[PROVIDED RECORDS]

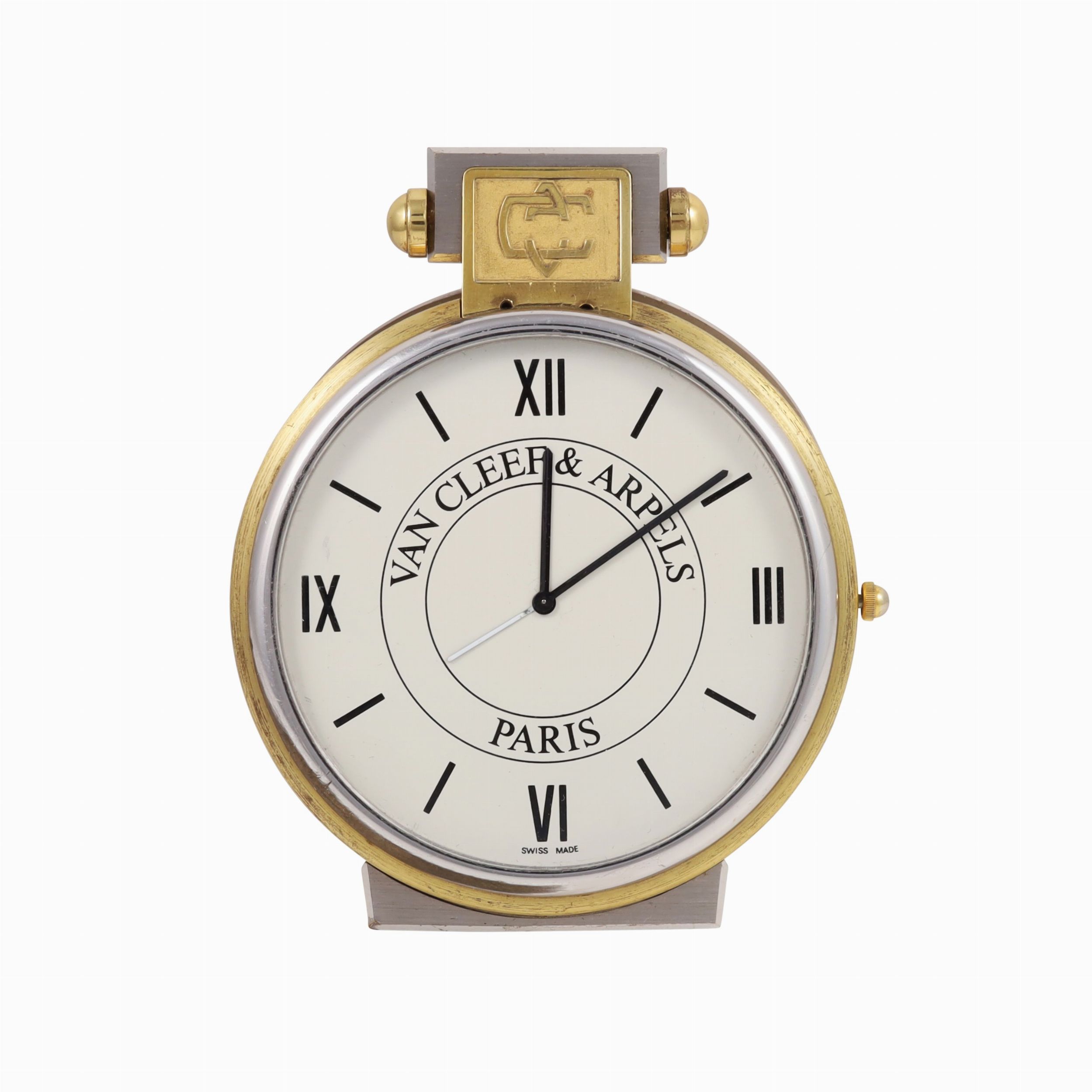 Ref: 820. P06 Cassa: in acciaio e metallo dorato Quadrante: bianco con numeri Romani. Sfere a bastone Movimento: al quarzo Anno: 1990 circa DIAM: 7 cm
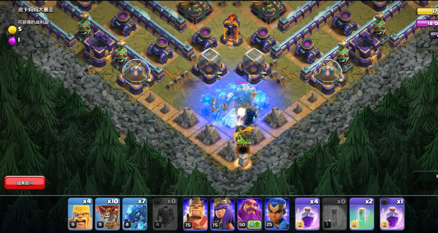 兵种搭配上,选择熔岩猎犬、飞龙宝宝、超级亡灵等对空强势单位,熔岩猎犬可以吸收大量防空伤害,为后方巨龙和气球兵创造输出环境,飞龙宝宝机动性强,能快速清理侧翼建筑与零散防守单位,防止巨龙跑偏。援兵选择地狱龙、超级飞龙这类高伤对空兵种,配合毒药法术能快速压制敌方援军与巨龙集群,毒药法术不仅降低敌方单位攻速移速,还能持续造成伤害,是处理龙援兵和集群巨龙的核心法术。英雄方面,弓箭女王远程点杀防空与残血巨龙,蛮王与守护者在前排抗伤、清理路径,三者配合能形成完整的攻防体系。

* * *

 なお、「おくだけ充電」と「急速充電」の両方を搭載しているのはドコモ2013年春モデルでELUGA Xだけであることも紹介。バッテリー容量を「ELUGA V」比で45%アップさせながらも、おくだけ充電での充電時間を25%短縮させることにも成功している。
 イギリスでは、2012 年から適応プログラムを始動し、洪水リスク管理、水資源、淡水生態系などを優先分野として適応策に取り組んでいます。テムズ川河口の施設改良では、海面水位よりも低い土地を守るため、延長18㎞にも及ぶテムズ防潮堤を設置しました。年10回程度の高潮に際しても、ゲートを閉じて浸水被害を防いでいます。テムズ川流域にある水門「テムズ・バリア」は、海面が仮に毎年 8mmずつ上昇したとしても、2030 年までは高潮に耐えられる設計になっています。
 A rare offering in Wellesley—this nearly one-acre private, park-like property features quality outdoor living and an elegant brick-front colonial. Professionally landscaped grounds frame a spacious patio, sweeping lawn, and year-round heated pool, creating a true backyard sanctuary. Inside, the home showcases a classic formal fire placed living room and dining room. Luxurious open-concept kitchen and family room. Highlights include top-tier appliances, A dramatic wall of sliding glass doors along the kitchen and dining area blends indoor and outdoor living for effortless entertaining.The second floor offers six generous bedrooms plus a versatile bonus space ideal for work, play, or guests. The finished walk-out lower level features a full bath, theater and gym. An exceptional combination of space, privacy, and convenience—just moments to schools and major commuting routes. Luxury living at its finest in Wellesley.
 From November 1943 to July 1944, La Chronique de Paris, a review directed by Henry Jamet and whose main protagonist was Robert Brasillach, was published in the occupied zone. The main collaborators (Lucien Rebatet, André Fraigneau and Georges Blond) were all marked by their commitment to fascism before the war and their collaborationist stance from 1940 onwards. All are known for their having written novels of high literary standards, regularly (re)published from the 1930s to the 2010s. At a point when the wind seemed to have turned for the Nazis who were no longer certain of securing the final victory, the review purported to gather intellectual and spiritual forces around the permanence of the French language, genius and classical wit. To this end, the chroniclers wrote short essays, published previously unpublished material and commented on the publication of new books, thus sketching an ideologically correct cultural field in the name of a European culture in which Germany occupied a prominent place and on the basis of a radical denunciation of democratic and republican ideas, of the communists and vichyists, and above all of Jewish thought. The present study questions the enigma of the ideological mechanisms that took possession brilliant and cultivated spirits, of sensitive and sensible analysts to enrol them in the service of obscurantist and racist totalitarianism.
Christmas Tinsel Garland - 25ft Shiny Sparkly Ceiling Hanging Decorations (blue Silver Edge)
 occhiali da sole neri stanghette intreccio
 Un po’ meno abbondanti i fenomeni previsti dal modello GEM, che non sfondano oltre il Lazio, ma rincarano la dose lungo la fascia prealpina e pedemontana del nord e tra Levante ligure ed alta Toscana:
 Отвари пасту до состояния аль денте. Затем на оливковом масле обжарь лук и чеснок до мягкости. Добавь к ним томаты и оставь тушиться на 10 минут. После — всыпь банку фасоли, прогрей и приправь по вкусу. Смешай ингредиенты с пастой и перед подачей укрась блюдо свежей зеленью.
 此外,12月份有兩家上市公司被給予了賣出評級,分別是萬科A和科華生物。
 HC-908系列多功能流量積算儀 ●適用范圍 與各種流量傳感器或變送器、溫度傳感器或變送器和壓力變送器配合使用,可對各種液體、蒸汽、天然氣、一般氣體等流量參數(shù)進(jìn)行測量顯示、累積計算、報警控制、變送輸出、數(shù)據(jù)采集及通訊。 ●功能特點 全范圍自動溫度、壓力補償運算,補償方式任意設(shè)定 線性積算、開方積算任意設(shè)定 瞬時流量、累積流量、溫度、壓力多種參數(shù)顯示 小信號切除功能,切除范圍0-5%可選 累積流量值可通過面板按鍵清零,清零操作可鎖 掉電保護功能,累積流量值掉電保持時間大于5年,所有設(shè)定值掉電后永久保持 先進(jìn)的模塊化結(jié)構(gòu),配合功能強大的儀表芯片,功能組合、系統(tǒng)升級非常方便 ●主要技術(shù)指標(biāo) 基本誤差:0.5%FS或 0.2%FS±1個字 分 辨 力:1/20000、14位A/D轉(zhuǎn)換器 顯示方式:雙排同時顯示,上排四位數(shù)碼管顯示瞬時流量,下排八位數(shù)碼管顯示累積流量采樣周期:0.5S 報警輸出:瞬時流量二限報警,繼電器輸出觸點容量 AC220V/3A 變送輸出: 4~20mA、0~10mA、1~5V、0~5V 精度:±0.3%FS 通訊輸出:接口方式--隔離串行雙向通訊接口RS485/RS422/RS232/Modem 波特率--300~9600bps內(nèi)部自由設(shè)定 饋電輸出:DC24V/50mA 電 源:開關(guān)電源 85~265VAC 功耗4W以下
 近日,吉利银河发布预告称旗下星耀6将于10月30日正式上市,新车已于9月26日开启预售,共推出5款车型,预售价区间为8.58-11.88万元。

[ASSIGNMENT] Your copy should hold only the lines above from the one containing "Ref: 820. P06" through the one containing "兵种搭配上,选择熔岩猎犬、飞", exactly as written and free of pictures.

[TASK SOLUTION]
 Ref: 820. P06 Cassa: in acciaio e metallo dorato Quadrante: bianco con numeri Romani. Sfere a bastone Movimento: al quarzo Anno: 1990 circa DIAM: 7 cm
 兵种搭配上,选择熔岩猎犬、飞龙宝宝、超级亡灵等对空强势单位,熔岩猎犬可以吸收大量防空伤害,为后方巨龙和气球兵创造输出环境,飞龙宝宝机动性强,能快速清理侧翼建筑与零散防守单位,防止巨龙跑偏。援兵选择地狱龙、超级飞龙这类高伤对空兵种,配合毒药法术能快速压制敌方援军与巨龙集群,毒药法术不仅降低敌方单位攻速移速,还能持续造成伤害,是处理龙援兵和集群巨龙的核心法术。英雄方面,弓箭女王远程点杀防空与残血巨龙,蛮王与守护者在前排抗伤、清理路径,三者配合能形成完整的攻防体系。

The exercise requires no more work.